■ What to do ■
Go to the line below that has "如果仅从绝对值上看,无论是第", print it and each line after it exactly, and stop after the line that has "봄기운이 완연한 4월"; leave out pictures.

■ Information ■
──────────
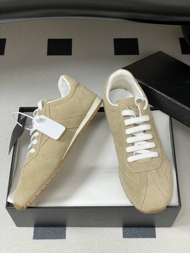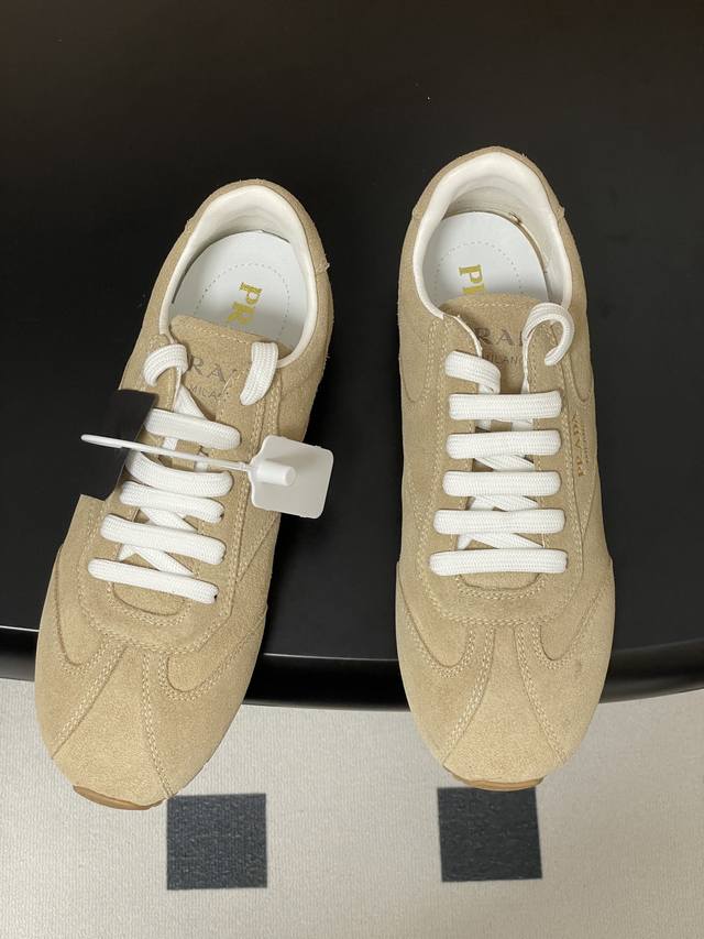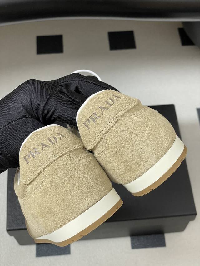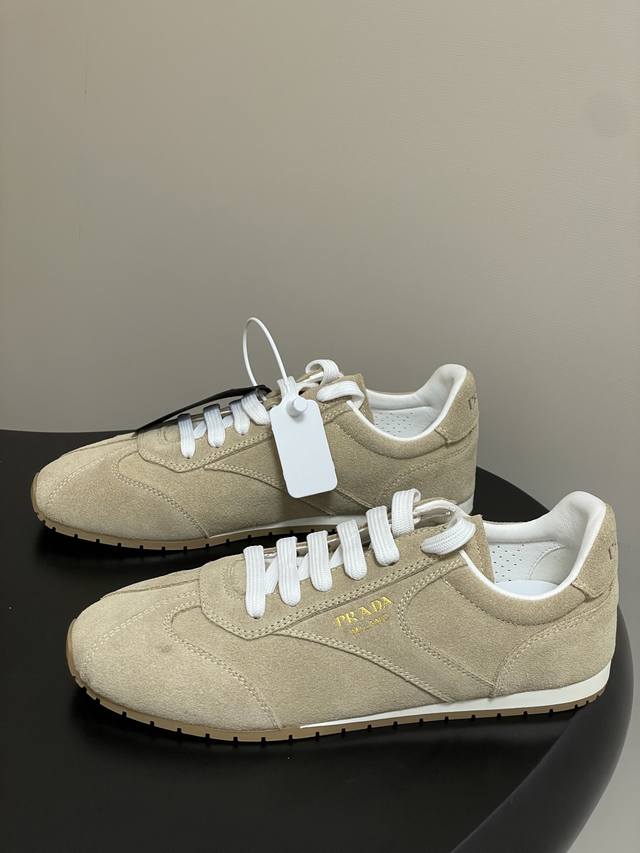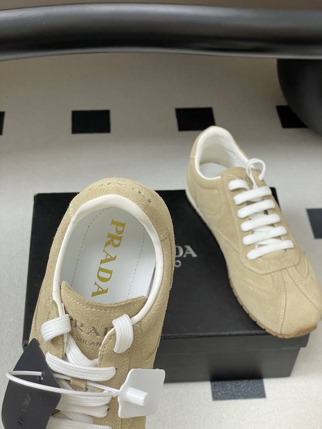 25Fw New Prada suede cowhide sneakers for early autumn, retro German training shoes, lace-up casual sneakers
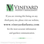 If you are viewing this listing on any third-party site, please visit our website, www vineyardatlanta com for the most accurate information and quickest communication.
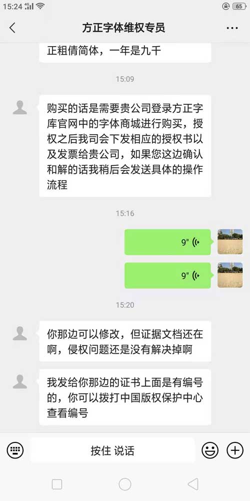 一說到方正字體,老白腦子里就浮現(xiàn)出一幫外包在方正網(wǎng)站‘奮筆疾書’,很多方正的投訴,都是根據(jù)一些消費者或者商家的舉報,來進行的專項投訴處理:例如有一個買家在某個天貓店消費,發(fā)現(xiàn)這個天貓店用的一個圖片上的字體剛好是方正的微軟雅黑,正巧她閑來無事,直接舉報到了方正的官網(wǎng),那么就在方正的后臺就有這個舉報的記錄,對應(yīng)的外包客服就會根據(jù)這些記錄來進行侵權(quán)的警告以及后續(xù)升級的訴訟。
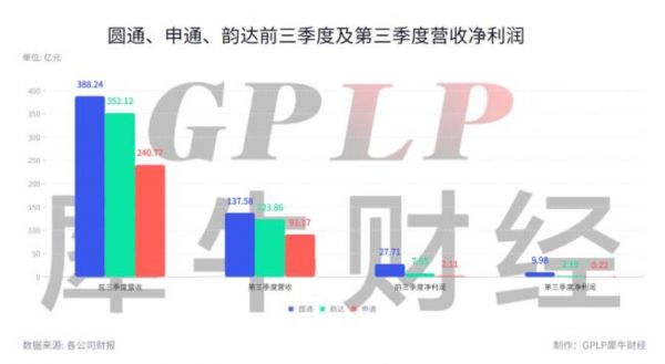 如果仅从绝对值上看,无论是第三季度还是前三季度,无论是营收还是净利润,由大到小排序均为圆通速递、韵达股份、申通快递。但从增速上看,圆通速递和申通快递仍然保持了上半年的高增速,但韵达股份第三季度净利润增速却大幅下滑,以致于令前三季度的净利润也同比降2.05%。
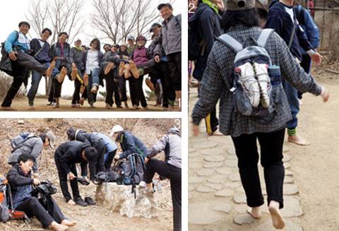 봄기운이 완연한 4월 첫 주말, 파주 심학산 아래 한 무리의 사람들이 모여 있다. 배낭을 멘 차림세로 보아 산악회 회원들이 분명했다. 그런데 사실 심학산은 산악회의 산행지로 삼기에는 규모가 작은 곳이다. 해발 높이가 192m에 불과한 나지막한 산이다. 그러나 이들에게 심학산은 서울 근교에서 찾을 수 있는 몇 안 되는 인기 산행지다. 코스가 부드러워 맨발로 오르기 좋기 때문이다.
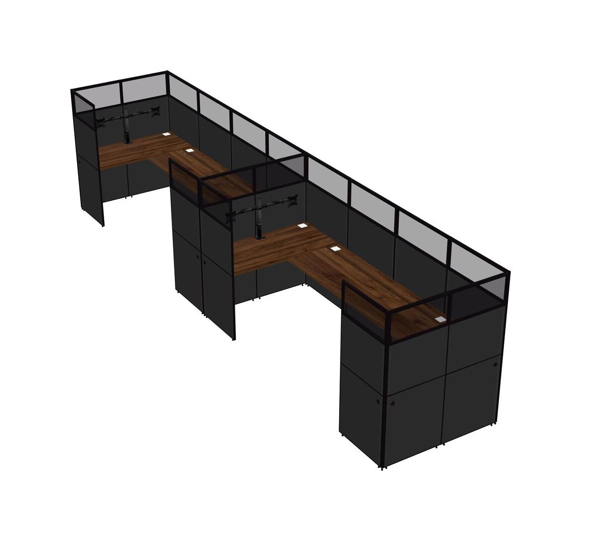 Columbia Walnut U-shaped Panel System For 2 Person + Monitor Arm (double Arms) For 2 User(s)
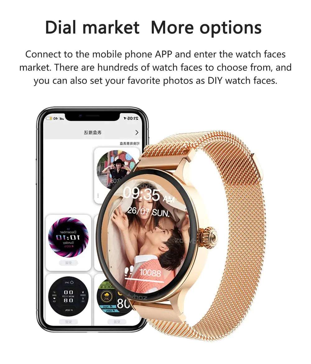 This Fashion Smart Watch is a multifunctional sports watch suitable for any active woman. The watch is designed to be stylish and is a round shape with a 1.3-inch screen. The screen resolution is 240*240, and it has multiple dials, including four default dials that can be customized according to personal preferences. The watch supports various languages, including English, Russian, Spanish, Polish, Portuguese, Italian, French, German, Korean, Japanese, and Arabic.
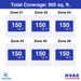 • Coverage Area: Total: 900 sq. ft.//Zone 1: 150 sq. ft.//Zone 2: 150 sq. ft.//Zone 3: 150 sq. ft//Zone 4: 150 sq. ft//Zone 5: 150 sq. ft//Zone 6: 150 sq. ft
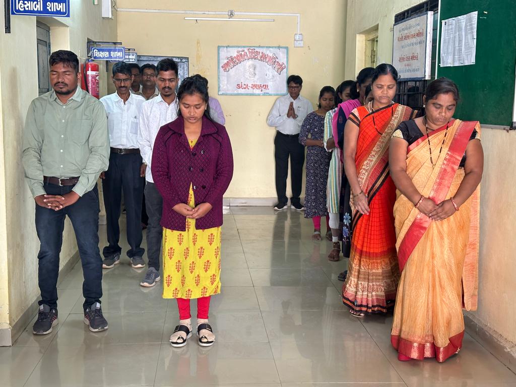 જિલ્લા સેવા સદન ખાતે નિવાસી અધિક કલેકટર શ્રી પદ્મરાજ ગાવિત સહિત ચિટનિશ શ્રી અર્જુન ચાવડા, મામલતદાર શ્રી યુ.વી.પટેલ, અને નાયબ મામલતદાર શ્રી પ્રકાશભાઇ મહાલા સહિત મહેસુલી અધિકારી, કર્મચારીઓએ ૧૧ વાગ્યે, સાયરનના ધ્વનિ સાથે જ બે મિનિટનુ મૌન પાળી, શહીદોને શ્રદ્ધાંજલિ પાઠવી હતી. તો જિલ્લા પંચાયતની મહેકમ શાખા દ્વારા પણ નાયબ જિલ્લા વિકાસ અધિકારી શ્રી યોગેશ જોશી તથા તેમના કર્મયોગીઓએ બે મિનિટનું મૌન ધારણ કર્યું હતું. આ સાથે જ જિલ્લા અને તાલુકાઓની જુદી જુદી કચેરીઓમા પણ સંબંધિત અધિકારી, કર્મચારીઓએ શહીદોની સ્મૃતિમા બે મિનિટનુ મૌન પાળી, શહીદોને શ્રદ્ધા સુમન અર્પણ કર્યા હતા.
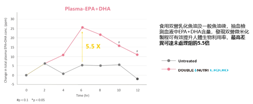 这一数据也通过Double Nutri Liquid技术的人体试验得到了证实。根据大江生医TCI专业研发团队针对4位健康受试人所进行的鱼油吸收率评估试验显示,经Double Nutri Liquid技术乳化后的鱼油相较未经处理的在人体内吸收效果更好,两者血液中的EPA+DHA含量对比最高差异可达5.5倍。
──────────
■ Result of this task ■
 如果仅从绝对值上看,无论是第三季度还是前三季度,无论是营收还是净利润,由大到小排序均为圆通速递、韵达股份、申通快递。但从增速上看,圆通速递和申通快递仍然保持了上半年的高增速,但韵达股份第三季度净利润增速却大幅下滑,以致于令前三季度的净利润也同比降2.05%。
 봄기운이 완연한 4월 첫 주말, 파주 심학산 아래 한 무리의 사람들이 모여 있다. 배낭을 멘 차림세로 보아 산악회 회원들이 분명했다. 그런데 사실 심학산은 산악회의 산행지로 삼기에는 규모가 작은 곳이다. 해발 높이가 192m에 불과한 나지막한 산이다. 그러나 이들에게 심학산은 서울 근교에서 찾을 수 있는 몇 안 되는 인기 산행지다. 코스가 부드러워 맨발로 오르기 좋기 때문이다.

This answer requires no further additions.